• [WHAT IS BEING ASKED]
From the entries that follow, reproduce exactly and only the lines from the line with "A WEATHERED COMPOSITE" to the line with "shoes. report | |", endpoints included.

• [MATERIAL PROVIDED]
------------------------------------

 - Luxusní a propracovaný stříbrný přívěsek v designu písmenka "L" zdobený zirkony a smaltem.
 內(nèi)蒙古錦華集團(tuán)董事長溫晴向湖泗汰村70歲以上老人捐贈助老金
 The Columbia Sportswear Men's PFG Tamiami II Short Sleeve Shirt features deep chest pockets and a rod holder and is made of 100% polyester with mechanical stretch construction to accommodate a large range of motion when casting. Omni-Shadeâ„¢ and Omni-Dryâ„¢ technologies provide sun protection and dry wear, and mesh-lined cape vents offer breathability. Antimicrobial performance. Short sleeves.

------------------------------------

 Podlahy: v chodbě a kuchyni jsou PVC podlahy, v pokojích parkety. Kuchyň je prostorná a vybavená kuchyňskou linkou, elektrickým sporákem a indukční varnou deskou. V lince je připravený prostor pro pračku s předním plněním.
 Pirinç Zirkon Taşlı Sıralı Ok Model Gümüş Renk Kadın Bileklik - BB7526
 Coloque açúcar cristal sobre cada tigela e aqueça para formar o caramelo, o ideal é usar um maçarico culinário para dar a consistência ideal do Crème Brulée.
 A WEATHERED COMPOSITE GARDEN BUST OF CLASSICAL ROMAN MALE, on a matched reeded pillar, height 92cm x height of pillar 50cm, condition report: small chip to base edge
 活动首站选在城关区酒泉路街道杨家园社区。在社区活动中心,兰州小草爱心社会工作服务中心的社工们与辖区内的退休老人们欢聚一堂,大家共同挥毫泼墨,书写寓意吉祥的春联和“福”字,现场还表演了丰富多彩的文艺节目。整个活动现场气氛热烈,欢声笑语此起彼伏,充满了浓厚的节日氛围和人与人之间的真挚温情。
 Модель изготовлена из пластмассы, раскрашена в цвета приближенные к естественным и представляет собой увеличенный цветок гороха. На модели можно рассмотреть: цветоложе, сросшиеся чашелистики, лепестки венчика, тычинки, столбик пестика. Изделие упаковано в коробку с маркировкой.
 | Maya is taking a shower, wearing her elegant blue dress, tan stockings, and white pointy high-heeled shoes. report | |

------------------------------------

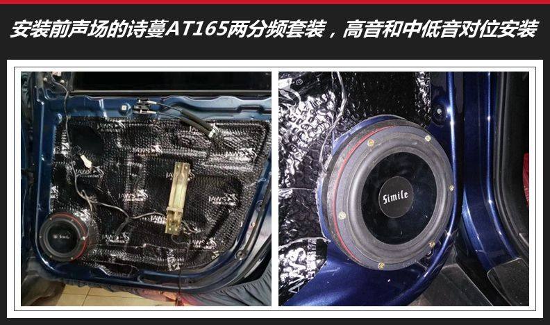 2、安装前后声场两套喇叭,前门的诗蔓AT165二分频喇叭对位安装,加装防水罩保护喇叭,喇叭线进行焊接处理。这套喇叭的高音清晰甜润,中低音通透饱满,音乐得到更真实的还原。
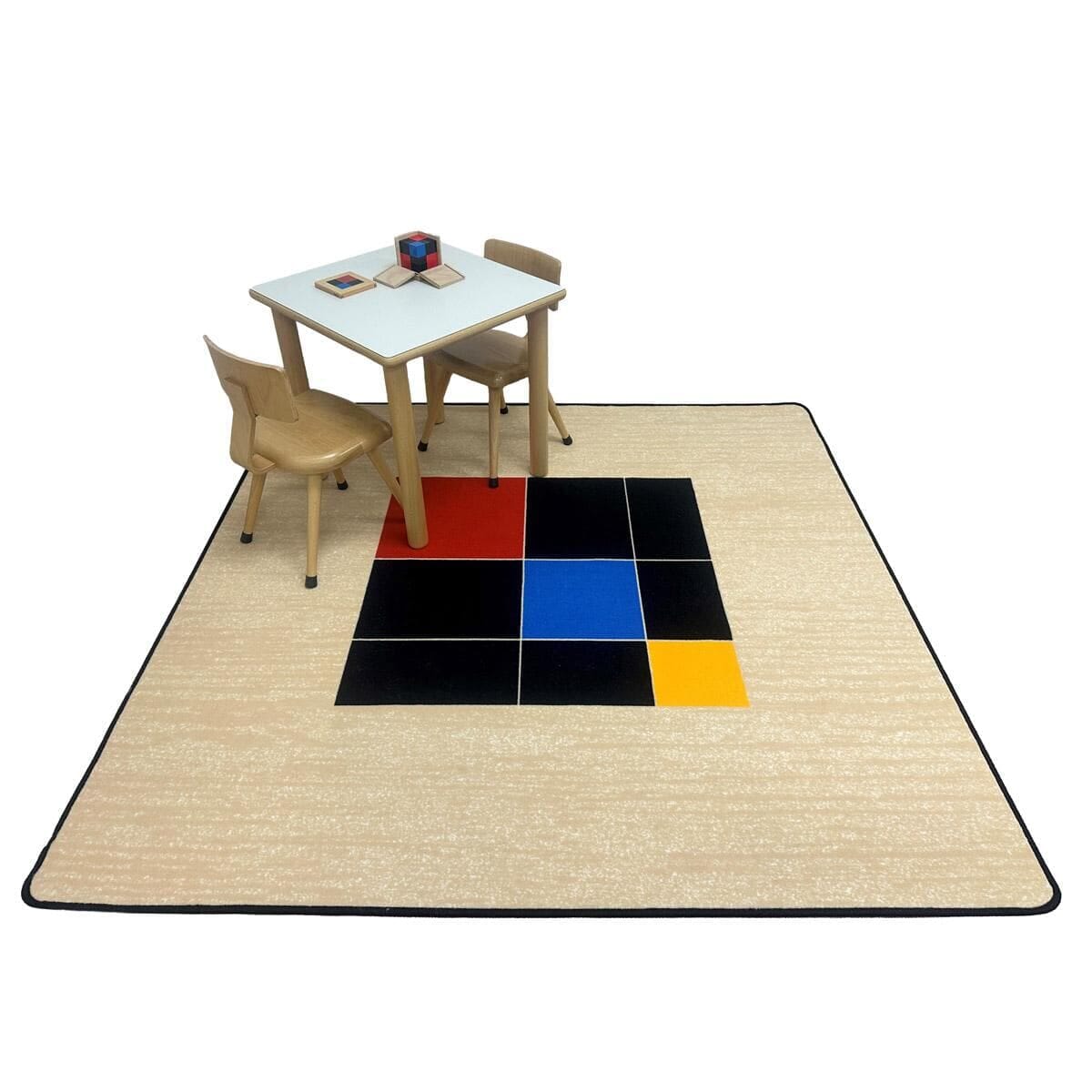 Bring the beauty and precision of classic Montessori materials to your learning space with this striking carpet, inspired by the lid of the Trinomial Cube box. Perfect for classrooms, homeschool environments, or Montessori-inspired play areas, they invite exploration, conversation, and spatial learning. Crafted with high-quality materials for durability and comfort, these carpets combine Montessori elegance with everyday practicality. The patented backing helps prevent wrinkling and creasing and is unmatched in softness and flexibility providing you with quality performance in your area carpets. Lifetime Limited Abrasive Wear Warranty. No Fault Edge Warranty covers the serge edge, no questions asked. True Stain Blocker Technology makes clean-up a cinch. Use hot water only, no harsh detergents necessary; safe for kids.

------------------------------------

• [WRITTEN SOLUTION]
 A WEATHERED COMPOSITE GARDEN BUST OF CLASSICAL ROMAN MALE, on a matched reeded pillar, height 92cm x height of pillar 50cm, condition report: small chip to base edge
 活动首站选在城关区酒泉路街道杨家园社区。在社区活动中心,兰州小草爱心社会工作服务中心的社工们与辖区内的退休老人们欢聚一堂,大家共同挥毫泼墨,书写寓意吉祥的春联和“福”字,现场还表演了丰富多彩的文艺节目。整个活动现场气氛热烈,欢声笑语此起彼伏,充满了浓厚的节日氛围和人与人之间的真挚温情。
 Модель изготовлена из пластмассы, раскрашена в цвета приближенные к естественным и представляет собой увеличенный цветок гороха. На модели можно рассмотреть: цветоложе, сросшиеся чашелистики, лепестки венчика, тычинки, столбик пестика. Изделие упаковано в коробку с маркировкой.
 | Maya is taking a shower, wearing her elegant blue dress, tan stockings, and white pointy high-heeled shoes. report | |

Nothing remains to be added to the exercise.